The classification method presented in this study was mainly based on the phenological differences between different ground cover types; however, rubber plantations in Xishuangbanna are artificially planted vegetation, which would be affected by human activities to some extent. For example, some rubber trees may still have green leaves during the defoliation phase because of sufficient water and fertilizer conditions. These rubber plantations are more difficult to distinguish using the classification method based on phenological characteristics. The Unmanned Aerial Vehicles’ (UAV) remote sensing is a low-altitude remote sensing platform, which is not disturbed by atmospheric factors in the acquisition of images. It has the advantages that are inaccessible by traditional remote sensing technologies, such as low cost, simple operation, fast acquisition of images and high ground resolution. Therefore, the UAV-based method will become the hot spot of rubber plantations identification and change study in small area in the future. Furthermore, the method proposed by this study is a training samples-based supervised classification method in which the results and accuracies may largely depend on the training sample, which indicates the nonparametric method should be considered in further research. Another deficiency of our method would be the computation complexity, because it needs to fuse images, which is time and computing devices consuming. However, with the development of cloud computing services/devices, this may not be a barrier soon.

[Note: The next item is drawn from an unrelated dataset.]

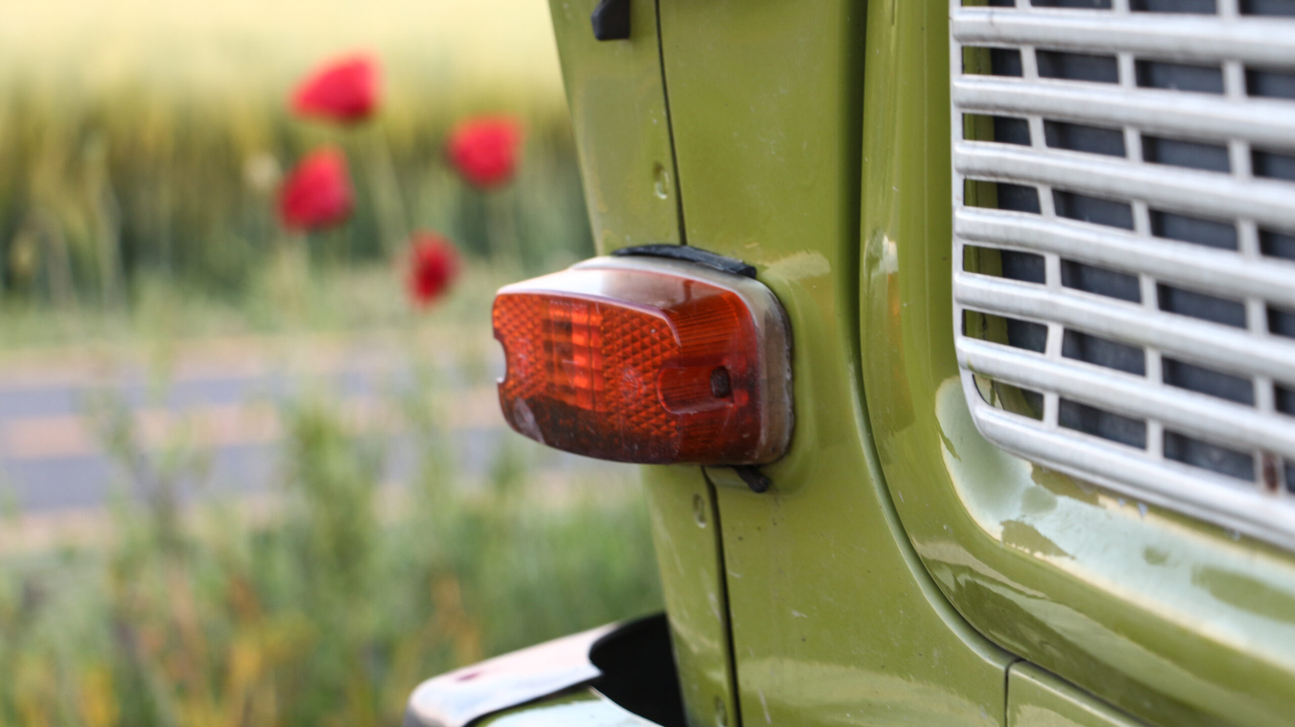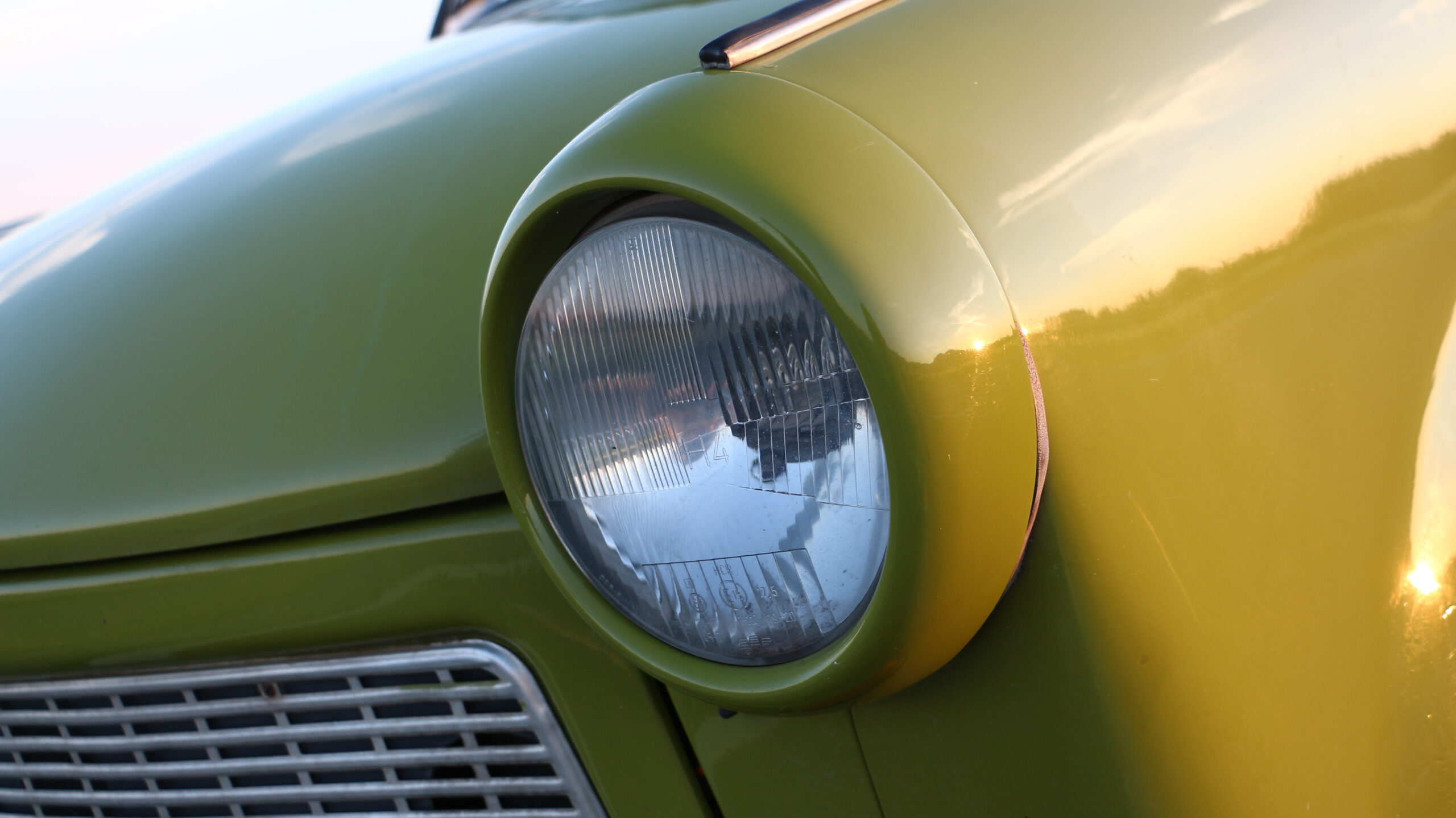 Érdekes részlet a két látható csavarral rögzített, a főfényszórótól különálló indexbúra, és a hírhedt Trabant logó, ami szinte az összesről le van törve, ezen a példányon viszont szerencsére ép

Through the fusion of time series data sets, the method can obtain accurate annual phenological changes of vegetation and minimum annual vegetation cover, which is difficult to obtain from a single data source (such as Landsat). This means the method is adaptable and can identify vegetation steadily in different areas. Therefore, this method can be used to identify other vegetation that have distinguishable phenological features in tropical areas. However, the extraction of non-defoliation rubber may perform better if we combine our method with the method proposed by Ye’s study [
19], because our method can obtain the rapid and unique growth process of rubber at higher temporal resolution. With the development of remote sensing satellites, higher spatial resolution data with a shorter revisiting period such as Sentinel-2 can be used to study the possible uncertainty in high spatio-temporal resolution data-based classification in future research. For the topographical factors of mountainous tropical areas, directional reflectance and the growth stage of vegetation are strong obstacles to rubber identification accuracy. Thus, it is also necessary to consider the correction of bidirectional reflectance caused by TFs. In addition, the solar zenith angle changes caused by shadows in mountainous areas are also significant influences that should be considered in future research.